## Work item
Shown below is a listing with pictures; reproduce exactly, and only, the lines between the ones containing "This distinguished home" and "大码慵懒风蕾丝下摆V领长袖上衣女春季2025新款宽松时尚打底衫女", inclusive, leaving the pictures out.

## Given records
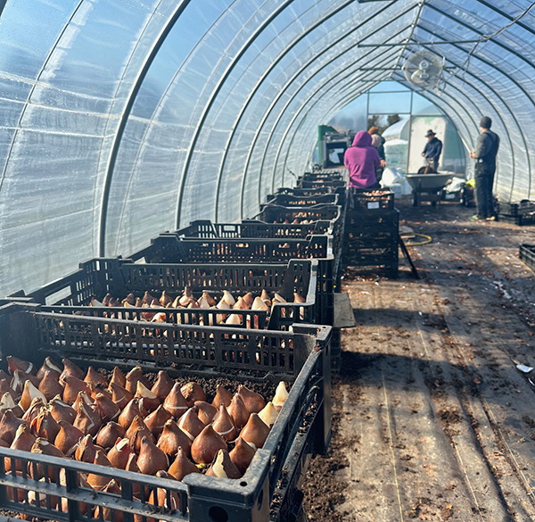 We combined the flat filler with basic conveyor belts we found on Facebook marketplace for a seamless tulip planting “factory.”
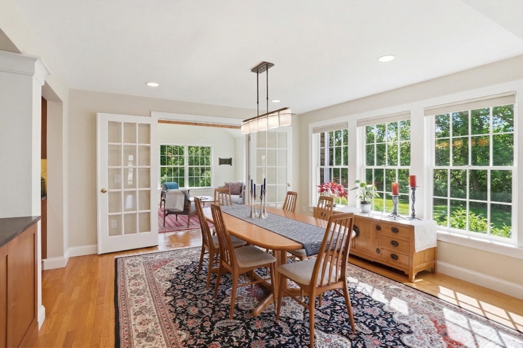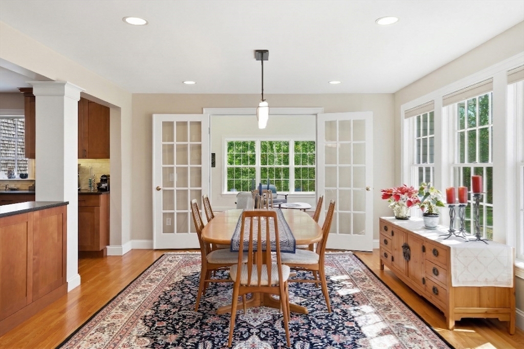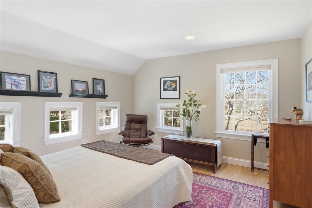 This distinguished home in Edgartown’s Bold Meadow neighborhood features light-filled interiors highlighted by south-facing windows in a cathedral-ceilinged Great Room that flows into a new sunroom. The main house offers 3 bedrooms, complemented by a spacious detached 900-sf guest apartment above an oversized garage, ideal for hosting. Recent upgrades include a renovated kitchen, updated primary bath, and thoughtfully integrated sunroom. Set on 1.5 acres with greenbelt on three sides, the property offers privacy, expansion potential, and room for a future pool. A full-height basement provides additional possibilities such as a media room or gym. Located less than 3 miles to Edgartown Village and close to Morning Glory Farm, the home also benefits from 30 SunPower solar panels for energy efficiency. Move-in ready and meticulously maintained
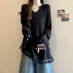 大码慵懒风蕾丝下摆V领长袖上衣女春季2025新款宽松时尚打底衫女
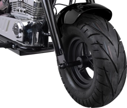Robustní ocelový rám, nafukovací pneumatiky a zadní odpružení tlumí nerovnosti na asfaltu i dlažbě. Pro první jízdy poslouží boční kolečka, která lze později odejmout; při stání potěší praktická stojánka. Díky nosnosti až 80 kg si chopper užijí i starší děti.
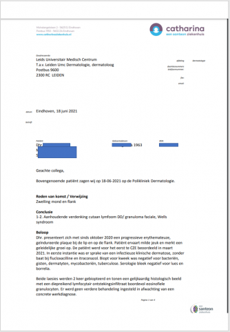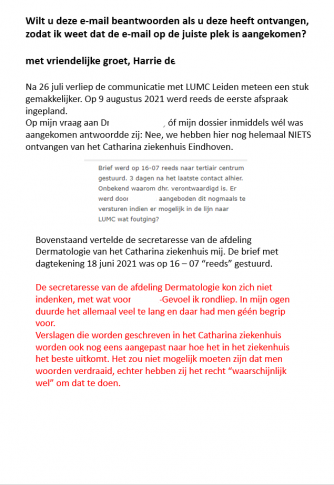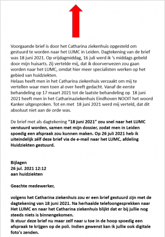 in het kort verteld: Eerst in het Catharina ziekenhuis in Eindhoven behandeld tot de tijd dat zij het niet meer wisten en mij hebben doorverwezen naar het LUMC in Leiden. Inmiddels hadden zij 3 maal twee biopten genomen en op kweek gezet. Tot 3 keer toe hebben ze mij gezegd: géén Kanker. Eind juni 2021 werd mij verteld, dat ze het in Eindhoven niet meer wisten en dat ze mij wilden verwijzen naar een ander ziekenhuis met meer gespecialiseerde artsen (LUMC in Leiden) dus.
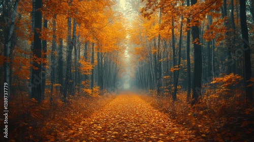 autumn, forest, path, tree, leaf, light, tunnel, orange, yellow, brown, green, blue, colours, nature, peaceful, tranquil, dreamy, evocative, calming, background, wallpaper, website, booklet, advertising, marketing, design, photo, image
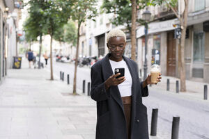 Black business woman with white short hair wearing eyeglasses holding takeaway iced coffee using smartphone while walking on city street during daytime
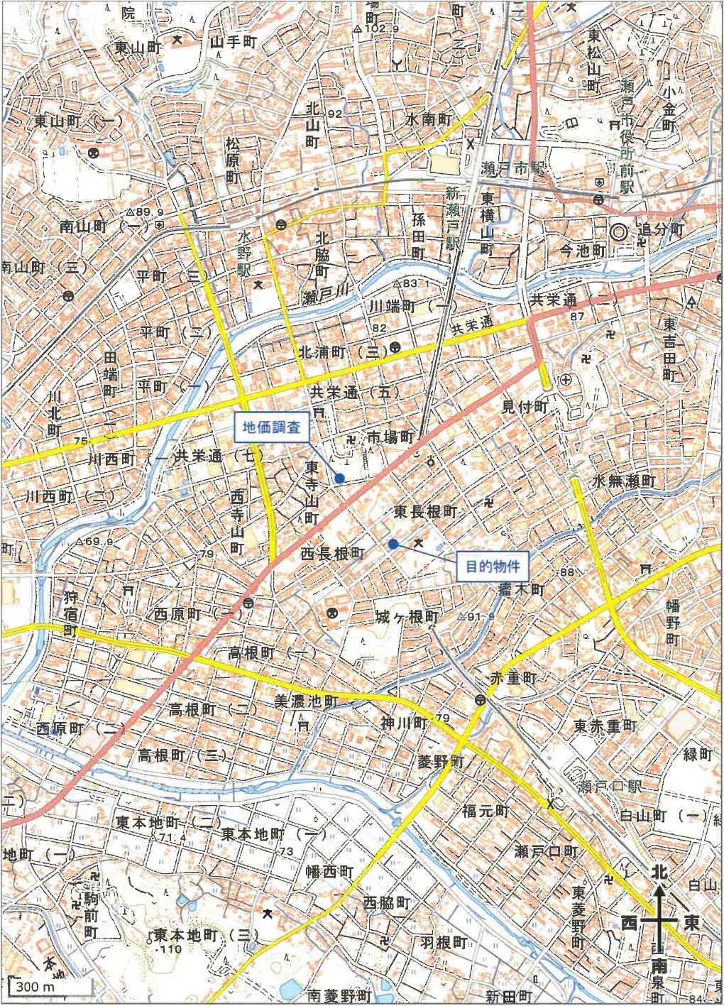 名鉄瀬戸線「」駅 南方 道路距離 約1.6km
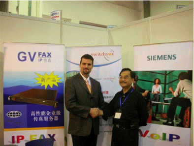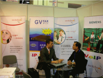 美國訊時捷科技公司作為IP-PBX專業(yè)提供商于2006年5月23-26日參加了最具權(quán)威的2006中國國際信息通信展覽會,在上海光大會展中心的B019展位展示了Switchvox IPX與戰(zhàn)略合作伙伴Siemens配套IP終端話機。此次展會,我們還推出了企業(yè)級新一代的IP傳真服務(wù)器GV-FAX,此次大會吸引了眾多全國的渠道代表、廠商、集成商和媒體參加,對產(chǎn)品感興趣的來賓絡(luò)繹不絕。
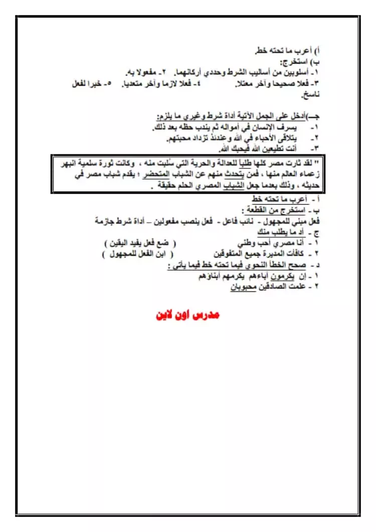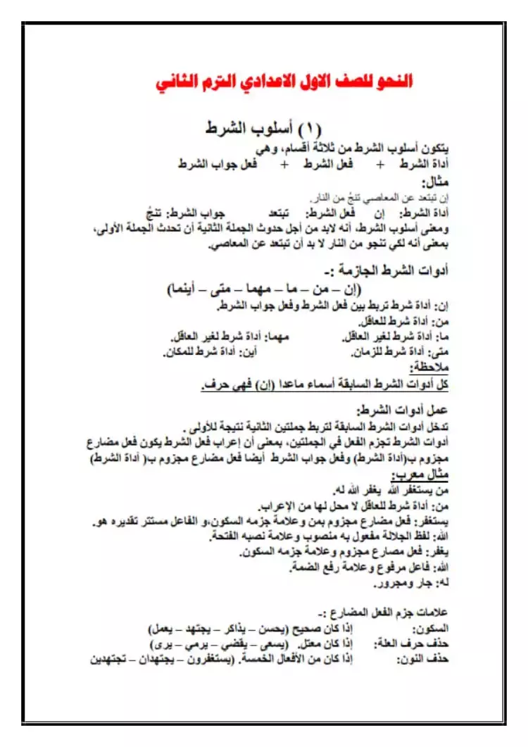 يمكنك الحصول على نسخة من ملخص النحو للصف الأول الإعدادي الترم الثاني من خلال الصور التالية:
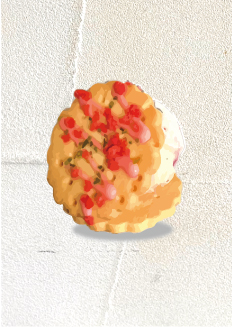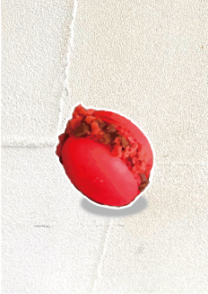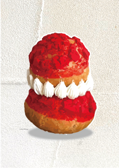 大小のシュー生地を重ねたルリジューズ。上のシュー生地にはピスタチオクリーム、下のシュー生地にはいちごカスタードが入っており、2種類の味をお楽しみいただけます。
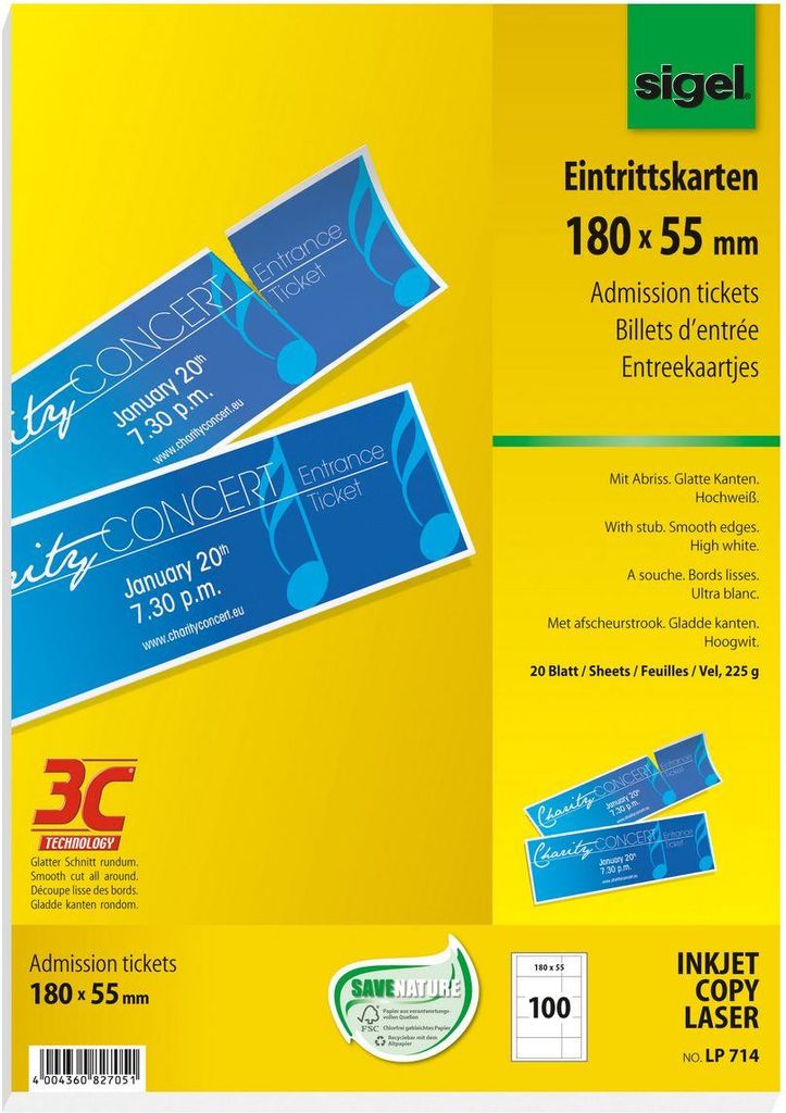 sigel Eintrittskarten, 180 x 55 mm, bedruckbar, hochweiß individuell gestaltbar, stabiler Edelkarton 225 g/qm, - 1 Stück (LP714)
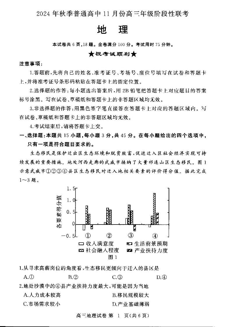 2025届湖北省鄂东协作体秋季普通高中11月份高三阶段性联考地理试卷
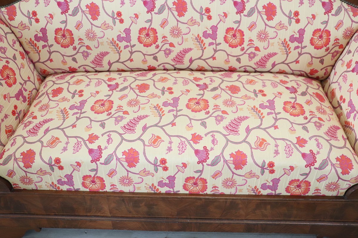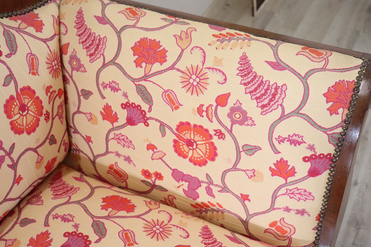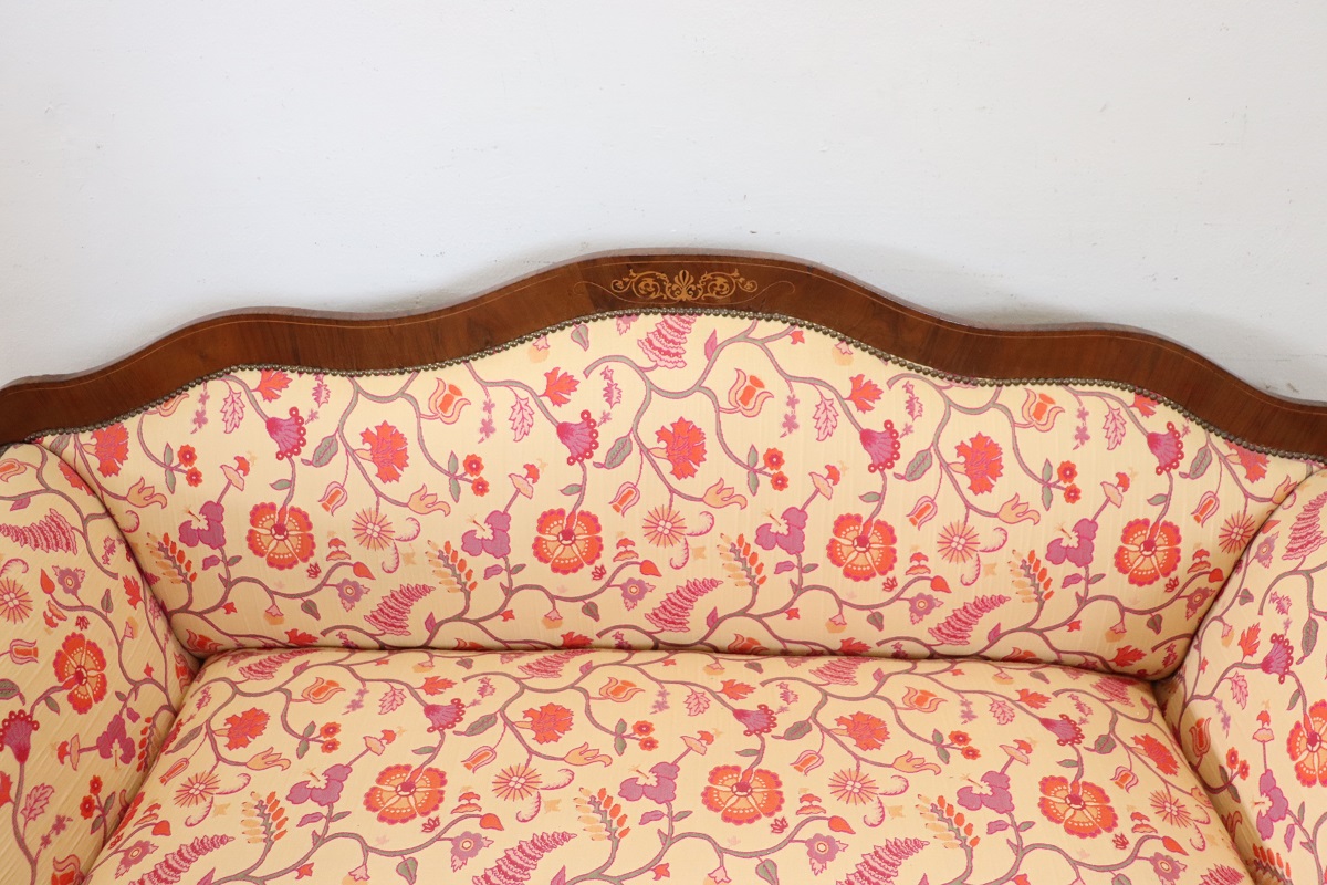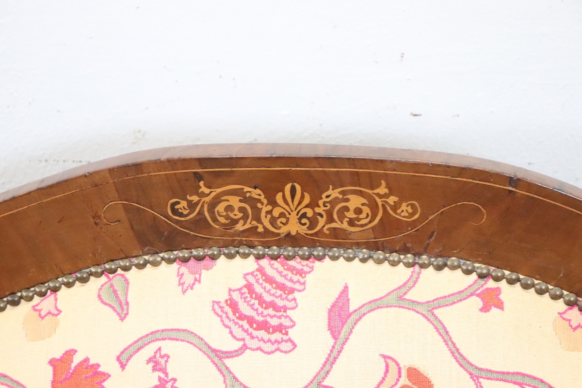 This elegant Italian Charles X Settee dates back to the first half of the 19th century. It features a solid walnut frame with refined inlaid details and flowing lines typical of the Charles X period.
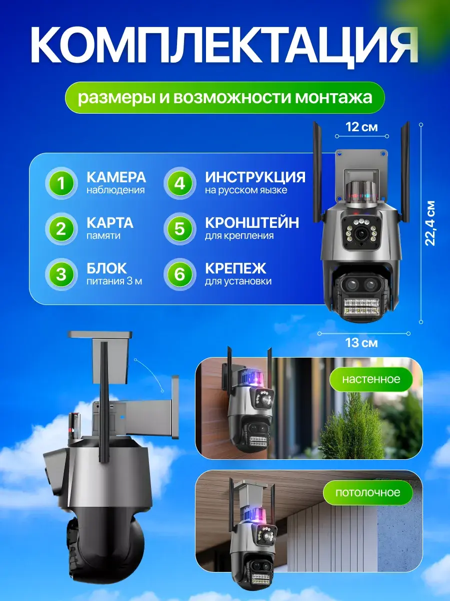 Карта памяти MicroSD 64 ГБ - 1 шт., Руководство по эксплуатации - 1 шт., водонепроницаемый комплект - 1 шт., блок питания с кабелем 3м - 1 шт., камера видеонаблюдения уличная беспроводная - 1 шт., крепежные элементы - 1 комплект
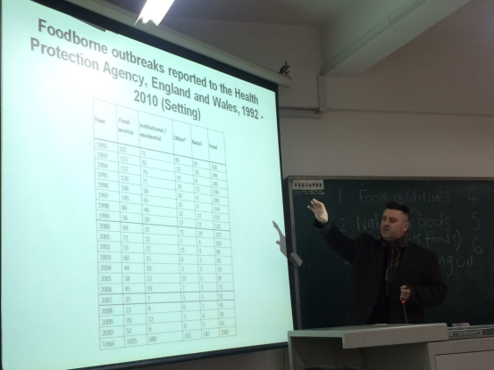 在这段时间的教学中,Mr.Weeks通过细致的讲解、内容丰富的PPT、以及通俗易懂的肢体语言向同学们生动形象的讲解了这门课,带领大家进行了国内外食品卫生调查的异同现象、甘特图标曲线的绘制、现阶段的食品安全问题的分析等专业知识,同时又将主观论述、小组讨论、视频制作以及小组展演巧妙地结合在一起,让大家明白了团队合作的重要性,以及理论知识的实用性。这样不仅提高了同学们对课程的热情,还提高了同学们的英语水平,锻炼了同学们的动手能力、思维能力以及团队协调能力。

## Task solution
 This distinguished home in Edgartown’s Bold Meadow neighborhood features light-filled interiors highlighted by south-facing windows in a cathedral-ceilinged Great Room that flows into a new sunroom. The main house offers 3 bedrooms, complemented by a spacious detached 900-sf guest apartment above an oversized garage, ideal for hosting. Recent upgrades include a renovated kitchen, updated primary bath, and thoughtfully integrated sunroom. Set on 1.5 acres with greenbelt on three sides, the property offers privacy, expansion potential, and room for a future pool. A full-height basement provides additional possibilities such as a media room or gym. Located less than 3 miles to Edgartown Village and close to Morning Glory Farm, the home also benefits from 30 SunPower solar panels for energy efficiency. Move-in ready and meticulously maintained
 大码慵懒风蕾丝下摆V领长袖上衣女春季2025新款宽松时尚打底衫女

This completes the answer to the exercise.